As it happens, this wasn't just a bad idea that got out of hand. In a key scene between Katie and her father (Martin Donovan), we see this young woman through the eyes of someone who knows exactly how desperate and damaged she is. Like a Trumpian, Katie won't fess up when confronted with the truth. She gets defensive, layering lie upon lie, certain she can simply generate an alternate reality in which she is the victim, not the offender. The primary complication in this current scam is that Katie has a devoted girlfriend, Jennifer (Amber Anderson) from a family of means, and she will do anything to take care of Katie.
This is why the deception starts to crack. Katie seems to feel guilty about lying to Jennifer, and she knows that the relationship is doomed should her secret come out. But it's not that simple. Katie is a manipulator and a narcissist, and she isn't "redeemed" by her feelings for Jennifer so much as she's confused and inconvenienced by them. Katie insists that Jennifer is the only good thing in her life, but we see her struggling with what that really means. Is Katie capable of loving someone else?
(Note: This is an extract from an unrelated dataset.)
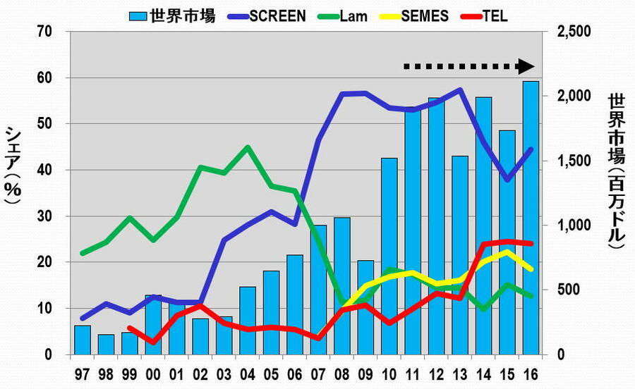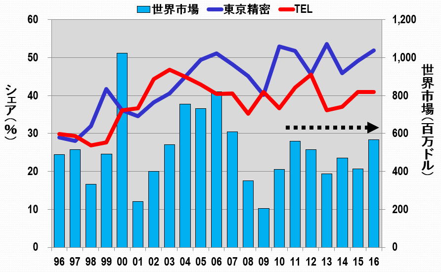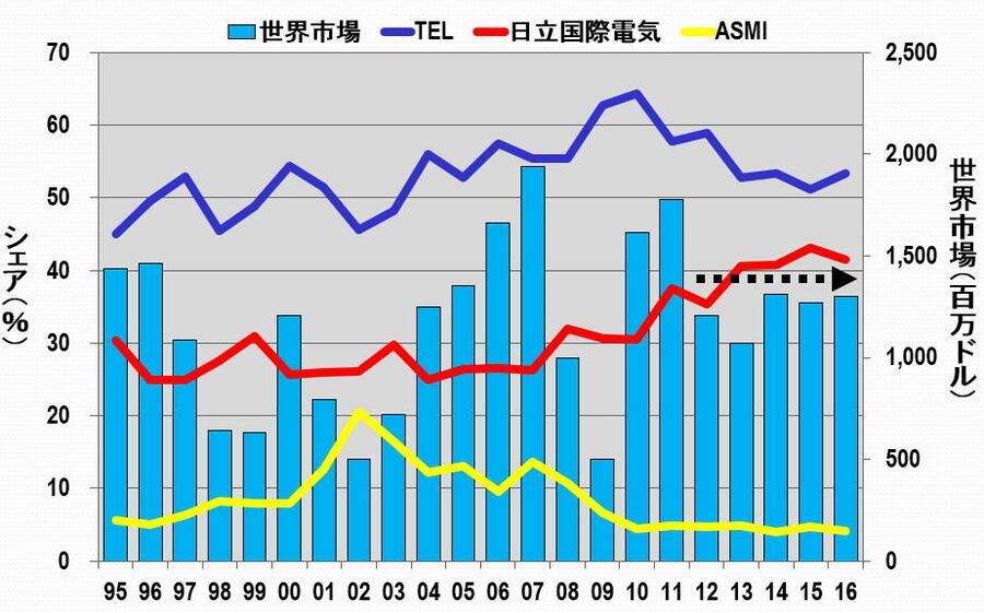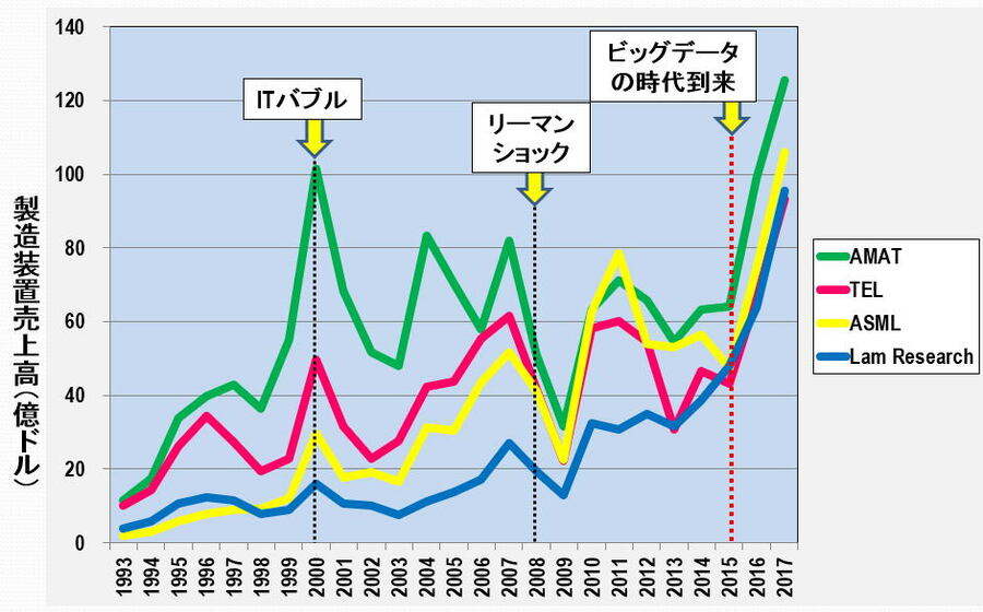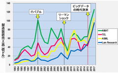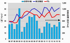 業績好調の東京エレクトロンが迎える正念場 IoT時代の本格的到来で半導体製造装置市場が飛躍的に拡大している(写真はイメージ) (画像1/12) 図1 東京エレクトロンの売上高、営業利益(率) (出所:東京エレクトロンのHPのIRデータを基に筆者作成) (画像2/12) 図2 半導体製造装置トップ4の比較(売上高) 出所:2013年までは電子ジャーナル『半導体製造装置データブック』、2014年以降は各社のIRデータ (画像3/12) 図3 2007年で規格化したトップ4の売上高比較 出所:2013年までは電子ジャーナル『半導体製造装置データブック』、2014年以降は各社のIRデータ (画像4/12) 図4 コータ・デベロッパ装置市場 出所:野村証券 和田木氏提供のデータを基に筆者作成 (画像5/12) 図5 ドライエッチング装置市場 出所:野村証券 和田木氏提供のデータを基に筆者作成 (画像6/12) 図6 CVD装置市場 出所:野村証券 和田木氏提供のデータを基に筆者作成 (画像7/12) 図7 バッチ式洗浄装置市場 出所:野村証券 和田木氏提供のデータを基に筆者作成 (画像8/12) 図8 枚葉式洗浄装置市場 出所:野村証券 和田木氏提供のデータを基に筆者作成 (画像9/12) 図9 熱処理装置市場 出所:野村証券 和田木氏提供のデータを基に筆者作成 (画像10/12) 図10 プローバ装置市場 出所:野村証券 和田木氏提供のデータを基に筆者作成 (画像11/12) 表1 TELの半導体製造装置の成長展望 (画像12/12) 業績好調の東京エレクトロンが迎える正念場 この写真の記事を読む
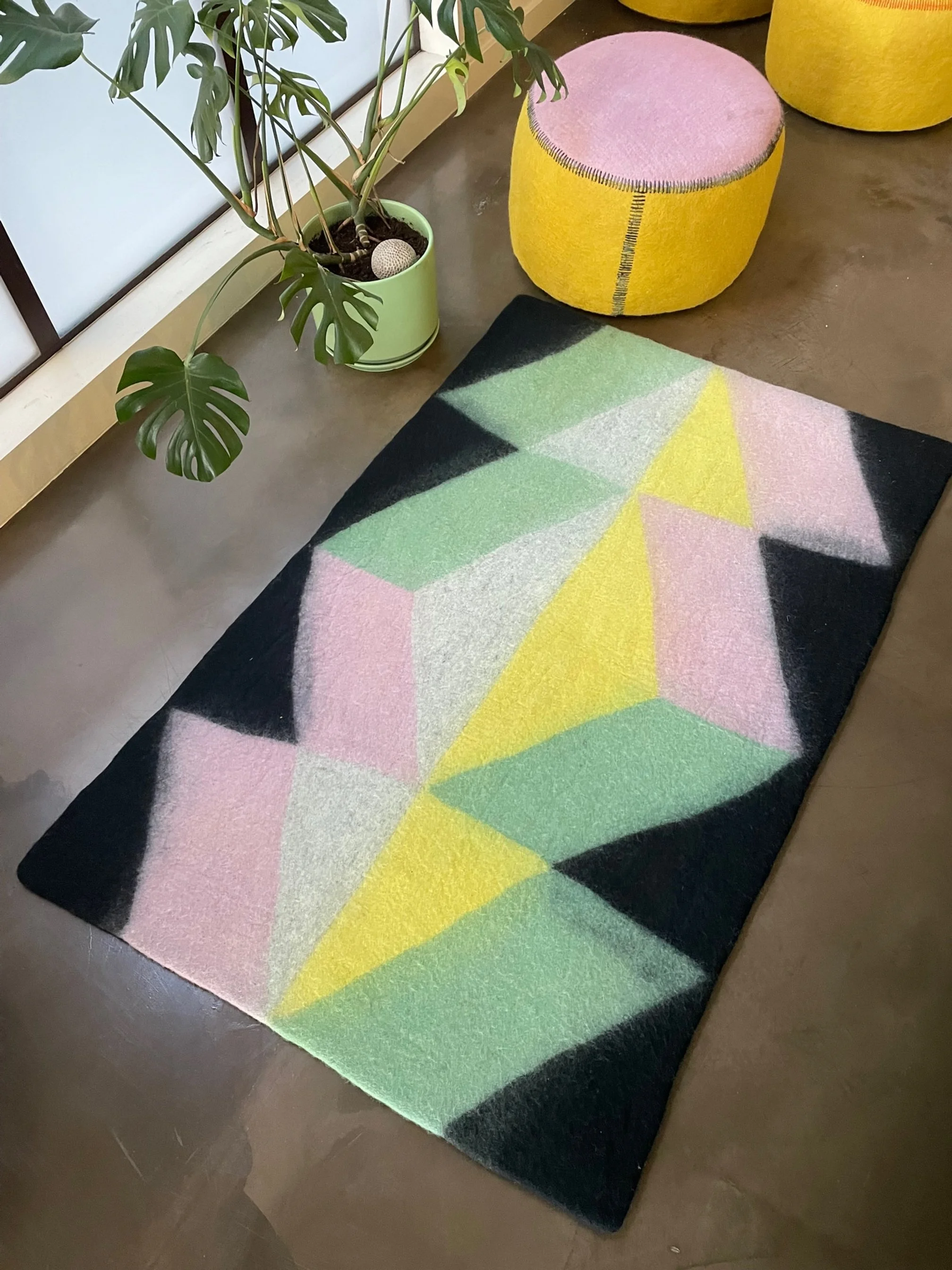 Frida4’ x 6’ Peace Industry ® Frida rug 100% hand made wool felt. Available in custom colors and sizes in 10 weeks

Like a classic film noir conundrum, love is the weakness that will ruin everything, and so it remains at least partly unrecognizable. If anything, Katie takes self-lacerating pleasure in the messiness, the thrill ride of being chased by falsehoods. White Lie spins this frantic struggle into a kind of Theater of the Absurd. Just because you want the bomb to go off doesn't make the countdown any less tense.